Number of categories: 7 diagnostic categories of pigmented lesions

If you use this dataset:

Make sure to read the Terms of Use carefully, which is available on the same page and needs confirmation before downloading the data files. This dataset is for non-commercial use only.

Make sure to cite the dataset:

Tschandl, Philipp, 2018, The HAM10000 dataset, a large collection of multi-source dermatoscopic images of common pigmented skin lesions, https://doi.org/10.7910/DVN/DBW86T, Harvard Dataverse, V1, UNF:6:IQTf5Cb+3EzwZ95U5r0hnQ== [fileUNF]

keywords: Vision, Image, Biology and Health, Classification

CBIS-DDSM

CBIS-DDSM: Curated Breast Imaging Subset of DDSM:

This dataset contains images for screening Mammography and is a subset of a DDSM dataset (Digital Database for Screening Mammography http://marathon.csee.usf.edu/Mammography/Database.html).
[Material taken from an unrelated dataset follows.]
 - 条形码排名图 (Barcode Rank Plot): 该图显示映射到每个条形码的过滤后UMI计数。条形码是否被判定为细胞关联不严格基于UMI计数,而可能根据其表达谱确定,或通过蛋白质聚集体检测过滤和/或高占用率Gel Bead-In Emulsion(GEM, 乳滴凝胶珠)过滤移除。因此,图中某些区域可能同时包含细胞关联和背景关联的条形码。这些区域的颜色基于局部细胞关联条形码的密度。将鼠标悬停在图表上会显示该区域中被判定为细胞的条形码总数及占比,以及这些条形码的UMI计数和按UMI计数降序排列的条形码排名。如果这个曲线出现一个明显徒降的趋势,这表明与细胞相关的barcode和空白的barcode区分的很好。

CBIS-DDSM contains images of cases with three conditions of breast cancer (normal, benign, and malignant). The dataset also includes ROI segmentation and bounding boxes and pathologic diagnosis for the training data. This dataset can be downloaded from the Data Access section on https://wiki.cancerimagingarchive.net/display/Public/CBIS-DDSM#97542eefbc8e4234a95231cbcd86cb1d.
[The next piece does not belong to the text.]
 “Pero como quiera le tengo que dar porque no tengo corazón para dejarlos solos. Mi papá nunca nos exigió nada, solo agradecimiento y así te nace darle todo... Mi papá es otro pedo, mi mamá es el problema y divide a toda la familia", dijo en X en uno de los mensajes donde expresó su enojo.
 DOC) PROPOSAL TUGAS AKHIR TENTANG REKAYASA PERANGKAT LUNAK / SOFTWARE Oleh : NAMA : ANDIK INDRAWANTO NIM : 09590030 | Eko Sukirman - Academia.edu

Here is some information regarding this dataset:

  • Number of images in the dataset: 10,239

  • Number of subjects: 6671

  • Total Images Size in GB: 163.6

If you use this dataset:

Make sure to cite these papers:

R. S. Lee, F. Gimenez, A. Hoogi, D. Rubin. Curated Breast Imaging Subset of DDSM. The Cancer Imaging Archive, 2016.

R. S. Lee, F. Gimenez, A. Hoogi, K. K. Miyake, M. Gorovoy, D. L. Rubin. A Curated Mammography Data set for Use in Computer-aided Detection and Diagnosis Research. Scientific Data Volume 4, Article number: 170177, 2017.
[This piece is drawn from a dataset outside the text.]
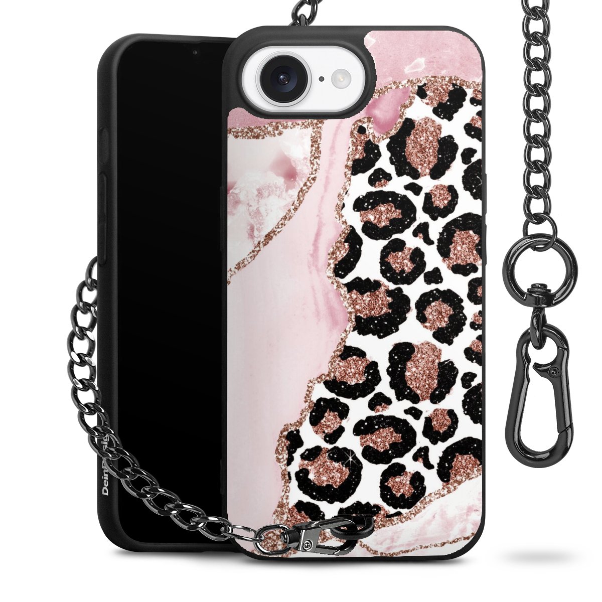 • Mattschwarze Handyhülle mit Metallkette

K. Clark, B. Vendt, K. Smith, J. Freymann, J. Kirby, P. Koppel, S. Moore, S. Phillips, D. Maffitt, M. Pringle, L. Tarbox, F. Prior. The Cancer Imaging Archive(TCIA): Maintaining and Operating a Public Information Repository, Journal of Digital Imaging, Volume 26, 2013.

Make sure to follow the Policy and Terms of Use available on https://creativecommons.org/licenses/by/3.0/ and https://wiki.cancerimagingarchive.net/display/Public/Data+Usage+Policies+and+Restrictions.

keywords: Vision, Image, Biology and Health, CT, Classification, Cancer

NLST: National Lung Screening Trial

NLST: National Lung Screening Trial:

This dataset contains images of the screening tests of patients suffering from lung cancer collected during a controlled clinical trial. The patients participated in a study for about 6.5 years of follow-up, while they were randomly divided into two groups of either receiving a low-dose helical CT screening or a single-view chest radiography. The dataset is not public, and a research proposal is required to gain access and download the dataset. To obtain more information regarding the research details or to request to gain access to the dataset, please refer to https://wiki.cancerimagingarchive.net/display/NLST/National+Lung+Screening+Trial#4c242d6186bf4aff949bb62cb2ab60da or https://biometry.nci.nih.gov/cdas/learn/nlst/images/. Additionally, a detailed description regarding the dataset participants, CT screening and abnormalities, X-Ray screening and abnormalities, diagnostic procedures, treatment, cause of death and so many other useful information about the dataset is available on https://biometry.nci.nih.gov/cdas/datasets/nlst/.

Here is some information regarding this dataset:

  • Number of images in the dataset: 21,082,502

  • Number of subjects: 26,254

  • Total Images Size in TB: 11.3

If you use this dataset:

Make sure to provide proper citations according to the Citations & Data Usage Policy available on the same page provided above.

Make sure to follow the Policy and Terms of Use even after receiving access to use the dataset for your own research purpose https://wiki.cancerimagingarchive.net/display/Public/Data+Usage+Policies+and+Restrictions.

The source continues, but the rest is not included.